(Input records):

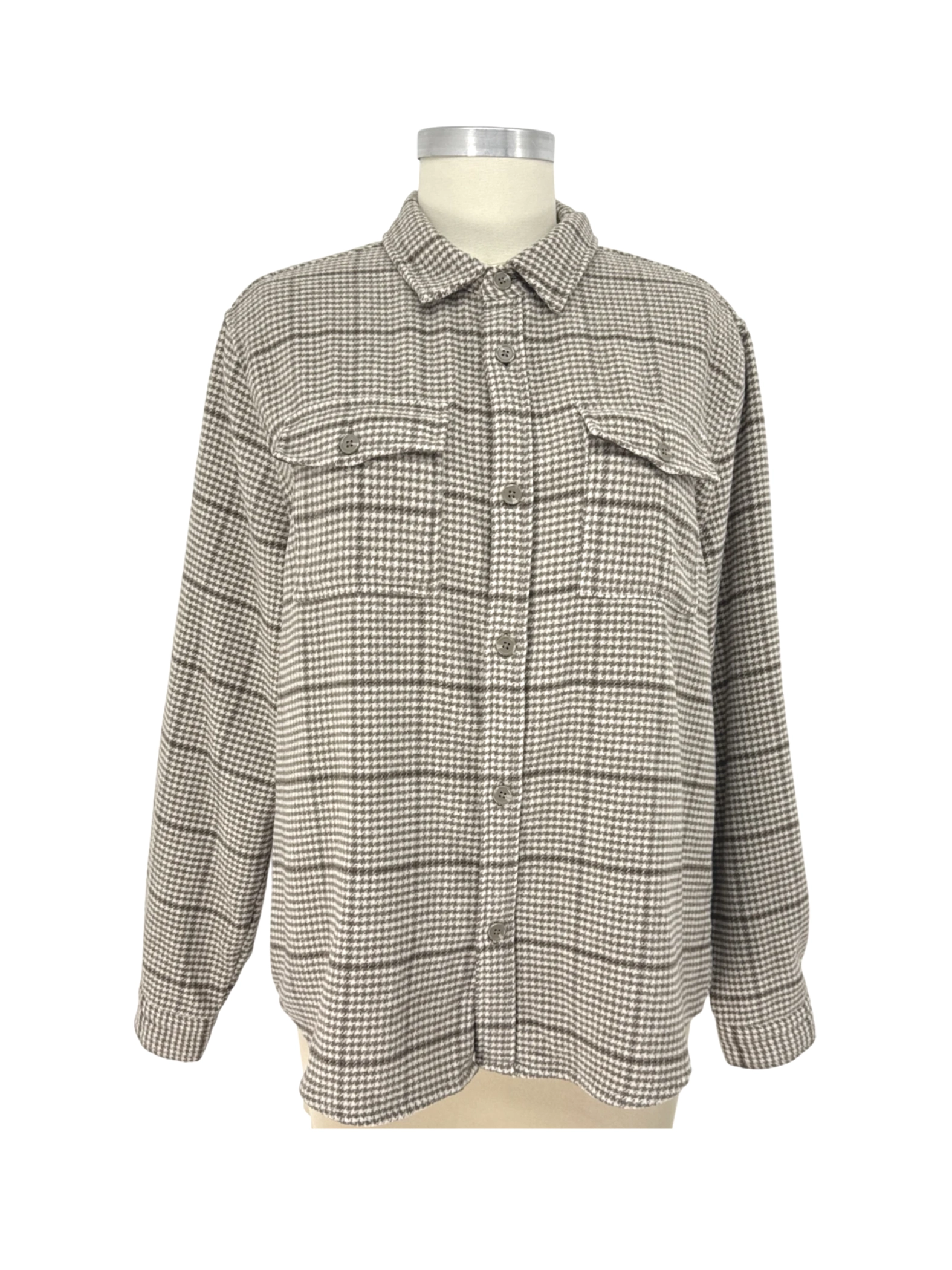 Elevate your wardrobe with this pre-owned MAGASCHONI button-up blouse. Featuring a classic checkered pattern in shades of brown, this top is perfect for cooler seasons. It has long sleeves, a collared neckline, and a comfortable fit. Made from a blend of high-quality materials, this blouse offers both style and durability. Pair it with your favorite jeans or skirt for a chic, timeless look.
==
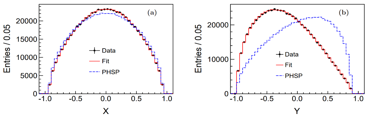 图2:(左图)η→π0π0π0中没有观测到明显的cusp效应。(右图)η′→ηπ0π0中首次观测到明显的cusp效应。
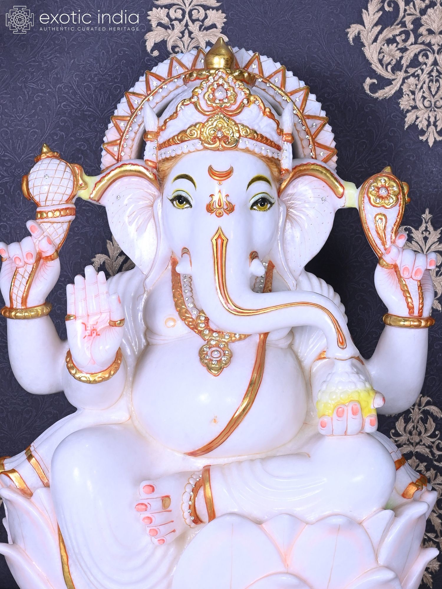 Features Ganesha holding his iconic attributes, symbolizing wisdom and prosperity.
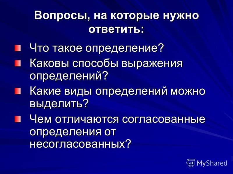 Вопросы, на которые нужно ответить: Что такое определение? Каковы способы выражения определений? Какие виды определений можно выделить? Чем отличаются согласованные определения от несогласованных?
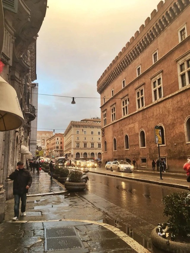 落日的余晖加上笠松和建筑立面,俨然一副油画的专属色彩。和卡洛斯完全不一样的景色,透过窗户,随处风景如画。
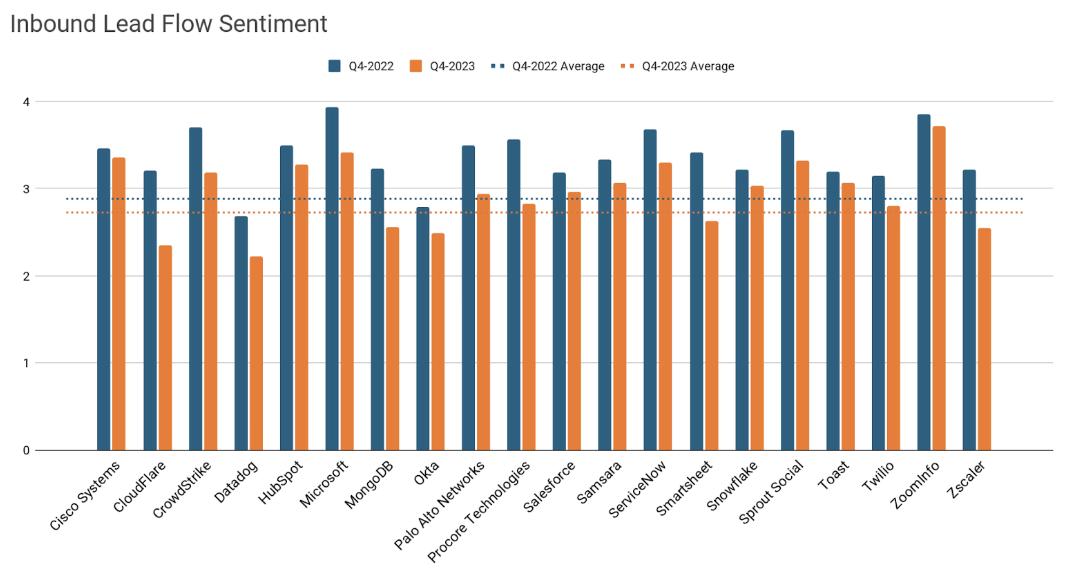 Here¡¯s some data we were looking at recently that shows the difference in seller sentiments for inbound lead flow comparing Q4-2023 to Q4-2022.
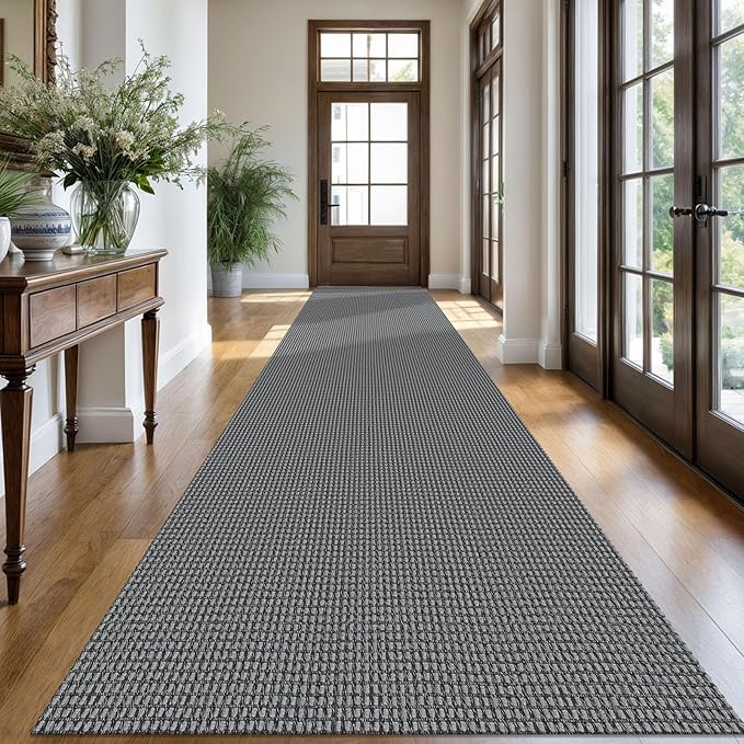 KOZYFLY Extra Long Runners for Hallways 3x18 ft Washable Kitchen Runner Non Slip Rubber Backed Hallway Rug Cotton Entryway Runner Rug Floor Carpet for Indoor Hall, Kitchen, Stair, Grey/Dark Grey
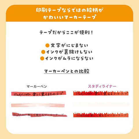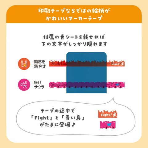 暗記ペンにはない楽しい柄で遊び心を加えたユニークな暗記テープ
* * *
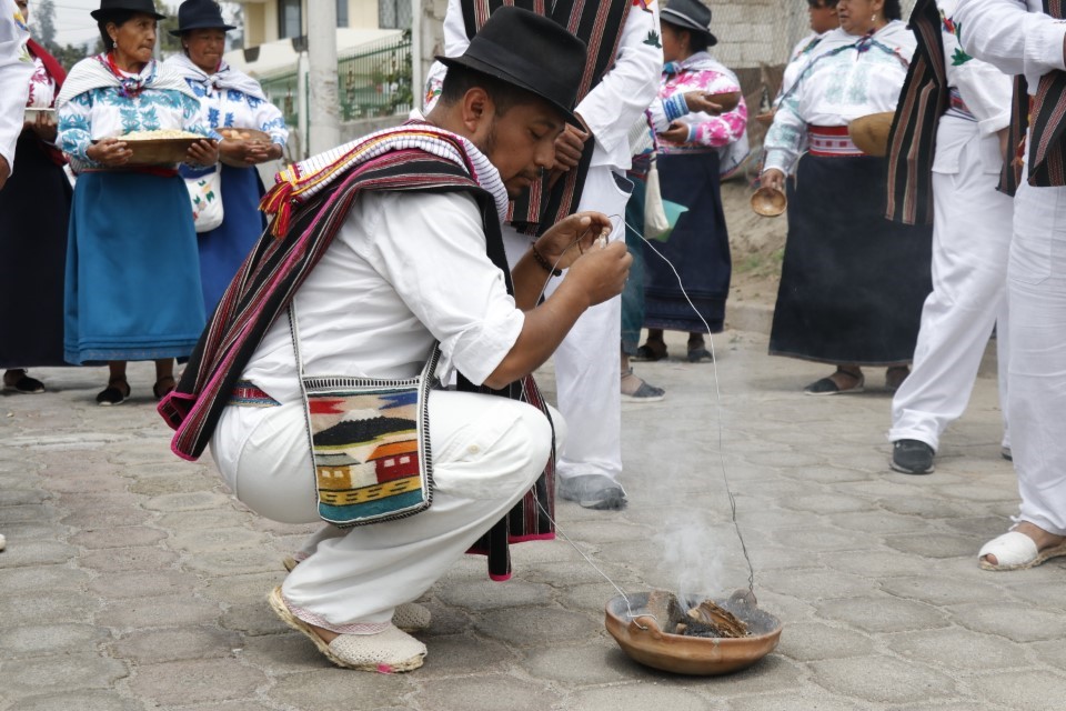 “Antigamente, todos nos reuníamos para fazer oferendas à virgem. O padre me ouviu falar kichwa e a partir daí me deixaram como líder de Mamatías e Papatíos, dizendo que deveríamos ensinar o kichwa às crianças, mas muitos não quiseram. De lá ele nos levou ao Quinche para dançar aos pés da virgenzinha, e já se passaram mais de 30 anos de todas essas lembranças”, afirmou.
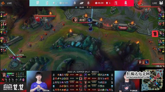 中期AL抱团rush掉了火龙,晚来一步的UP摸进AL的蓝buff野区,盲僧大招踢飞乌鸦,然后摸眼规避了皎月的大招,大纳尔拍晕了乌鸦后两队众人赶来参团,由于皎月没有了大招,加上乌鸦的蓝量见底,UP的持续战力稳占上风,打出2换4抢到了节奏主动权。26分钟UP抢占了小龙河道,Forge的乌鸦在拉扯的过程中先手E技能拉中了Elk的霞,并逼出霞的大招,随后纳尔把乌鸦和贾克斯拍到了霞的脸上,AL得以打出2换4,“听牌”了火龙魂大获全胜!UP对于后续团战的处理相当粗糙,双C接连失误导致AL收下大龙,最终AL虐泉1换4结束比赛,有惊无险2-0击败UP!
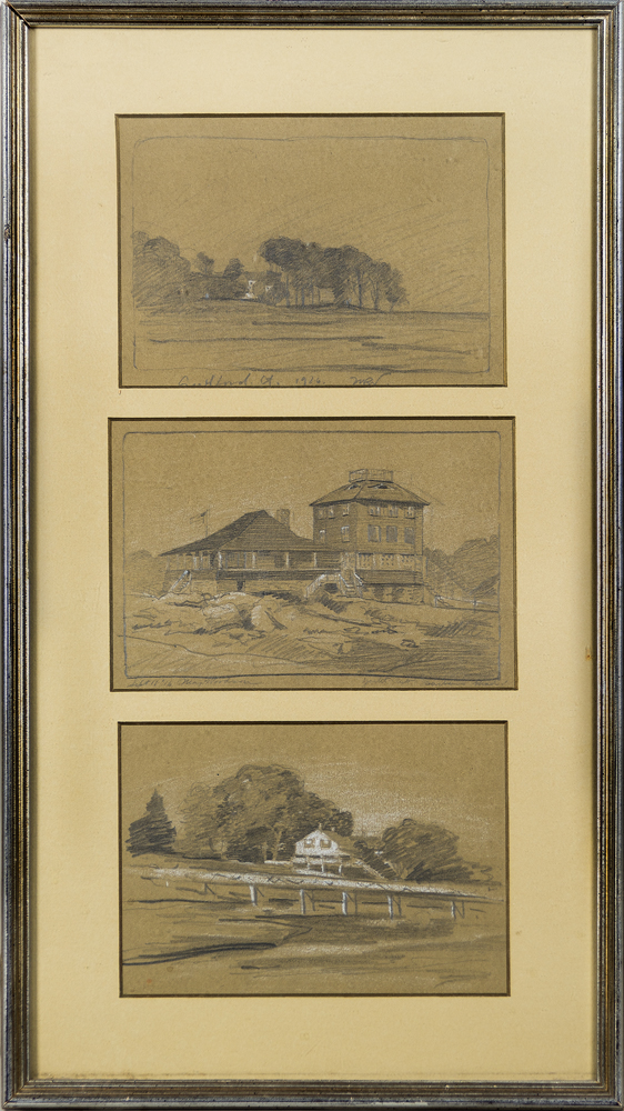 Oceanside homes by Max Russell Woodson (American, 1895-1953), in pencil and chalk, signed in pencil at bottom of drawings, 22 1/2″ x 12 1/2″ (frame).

(Task brief): The answer must be the part of the records that opens with the line containing "落日的余晖加上笠松和建筑立面" and closes with the line containing "暗記ペンにはない楽しい柄で遊び心を加えたユニークな暗記テープ", reproduced exactly, with no pictures.

(Output for this exercise):
 落日的余晖加上笠松和建筑立面,俨然一副油画的专属色彩。和卡洛斯完全不一样的景色,透过窗户,随处风景如画。
 Here¡¯s some data we were looking at recently that shows the difference in seller sentiments for inbound lead flow comparing Q4-2023 to Q4-2022.
 KOZYFLY Extra Long Runners for Hallways 3x18 ft Washable Kitchen Runner Non Slip Rubber Backed Hallway Rug Cotton Entryway Runner Rug Floor Carpet for Indoor Hall, Kitchen, Stair, Grey/Dark Grey
 暗記ペンにはない楽しい柄で遊び心を加えたユニークな暗記テープ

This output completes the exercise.